I just found this out today.

I haven't told much of my story on LS. It's been a few months now since he suddenly ended us and it is still a hurtful place. I have trouble "going there."

I am/was seperated. Didn't want anything but a friendship b/c MM was an old friend and I was going through a tough time. He pursued me for a year. Falling in love with me, begging me to trust him with my heart. He went from a down spiral marriage ...to days from moving out and divorcing... and the I love you's during intimate moments...you get it. Naive, I fell for it. He was an old friend I felt like I could trust him. Nearly two years later...his W finds out through an email about us. I get a stupid sentence long email from him that they are working on their marriage. I'm history. Under the bus. I could instantly tell it was coached. I call him b/c I want closure. His story: He swears to his W that we only had a brief EA. Few lunch meetings here and there. Nothing else. He doesn't mention it was PA nor the I love yous. This is to protect me might I add. HA. His wife emails me a few weeks later. Simply wants to know how long "I" have been iming her husband. I wanted to reply. But, I felt the email was pointing a finger at me...and not her husband. As if he were a victim of me. I didn't think she was ready for my truth. And honestly, I wondered if she ever would be. So, I repected their decision on rebuilding their marriage. I have had NC. Fast forward. Two months later. During an arguement over lunch, my stbx says MM has OW. And had one all along. He wasn't just seeing me. So once he was caught with me by W, he dropped me, did damage control, and kept seeing his other side kick.

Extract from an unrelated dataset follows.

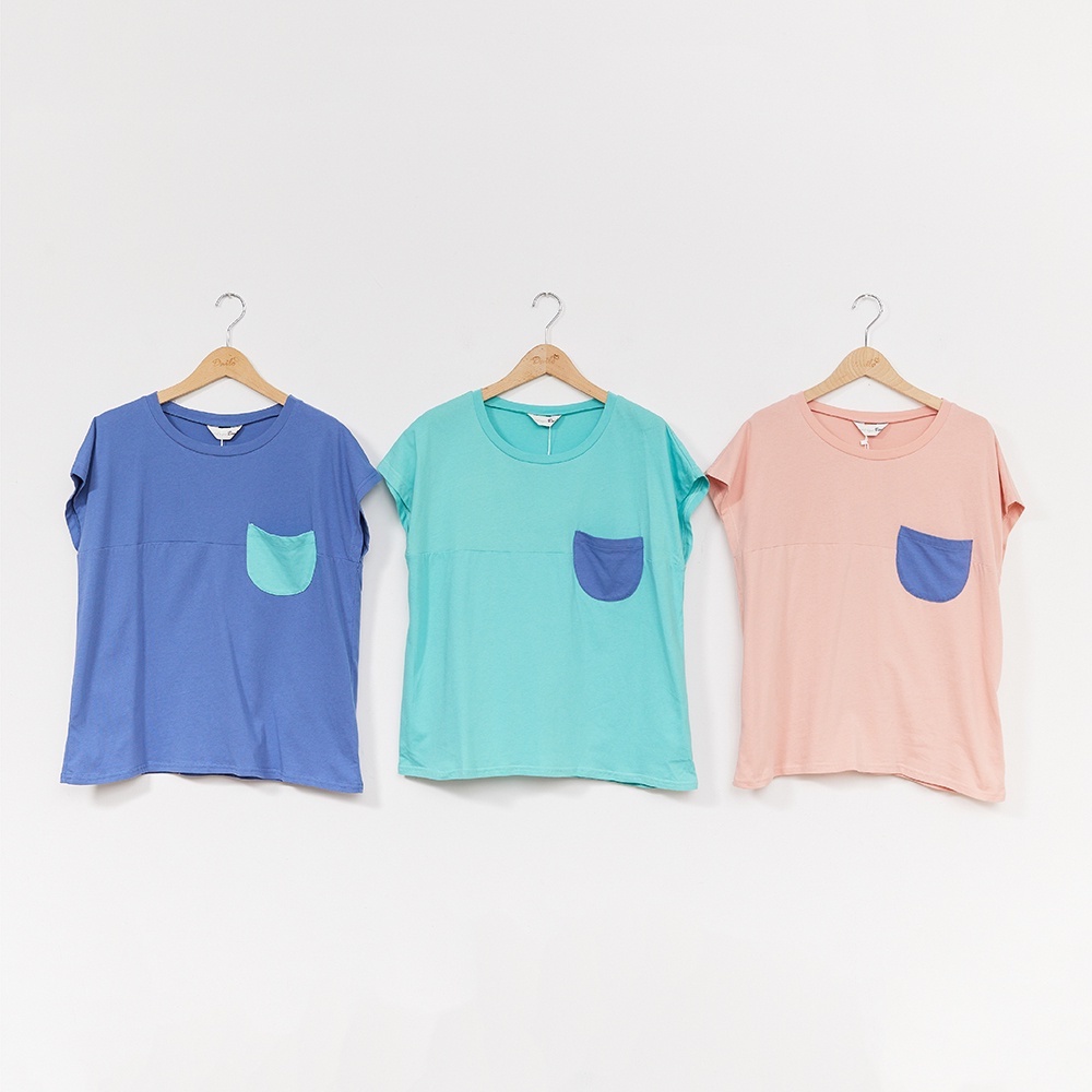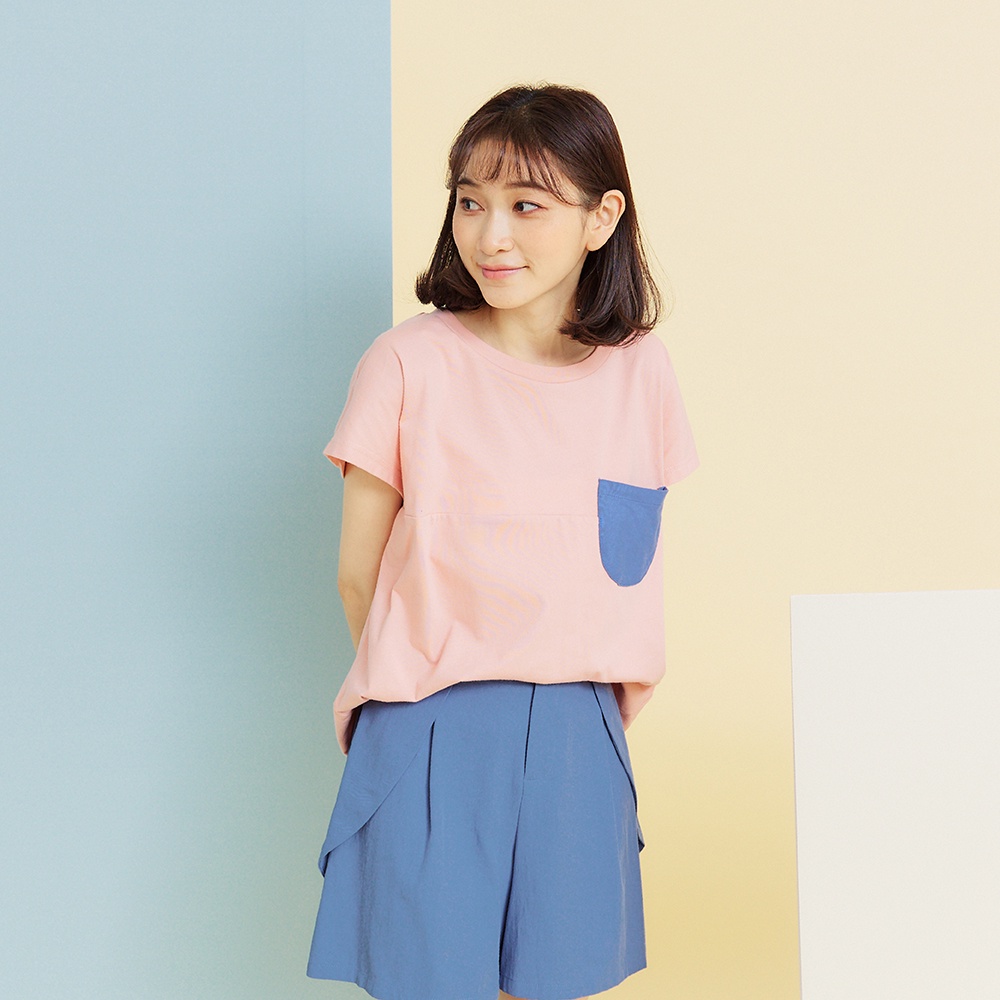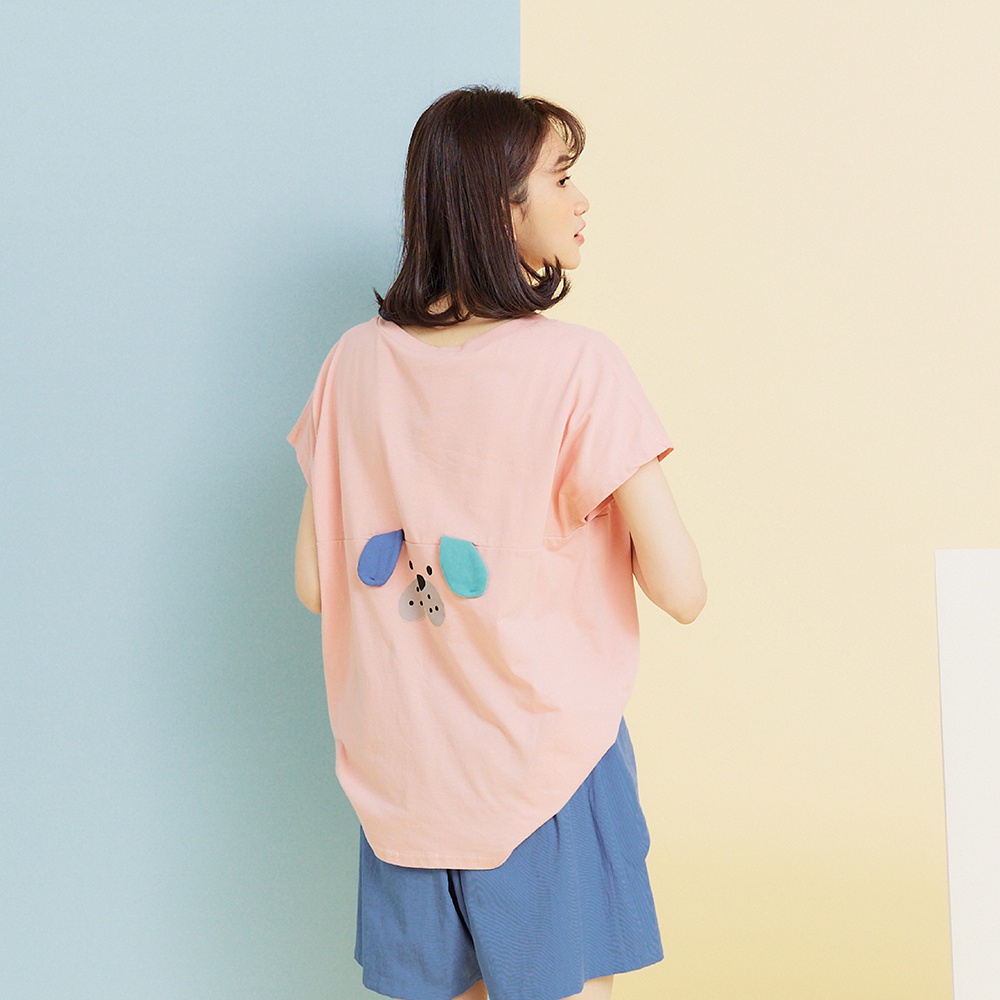 【Dailo】大耳阿狗連袖涼感舒適-女短袖上衣 拼接 藍 粉 綠(三色/版型適中)

I never would have thought this of MM. I swear. And it scares me. I wonder if he is sociopathic b/c of how convincing he was. Especially promises. When I didn't even ask them to be promised. And the future. Like when he suggested a vacation with me and my kids. ???? Ohhh. Don't let me get started on how much his mom and teen son are going to fall in love with me. And how he could spend hours talking about me meeting them. I know his entire family tree. All of his and their history. What our holidays will be like...together...all of us. A little unnerving. Are most MM sociopathic? Do they profess that they are going to tell this and this person about you...but make up excuses later why they didn't? GEEESH! And you didn't even ask them to!!? But he said he loved me...forever.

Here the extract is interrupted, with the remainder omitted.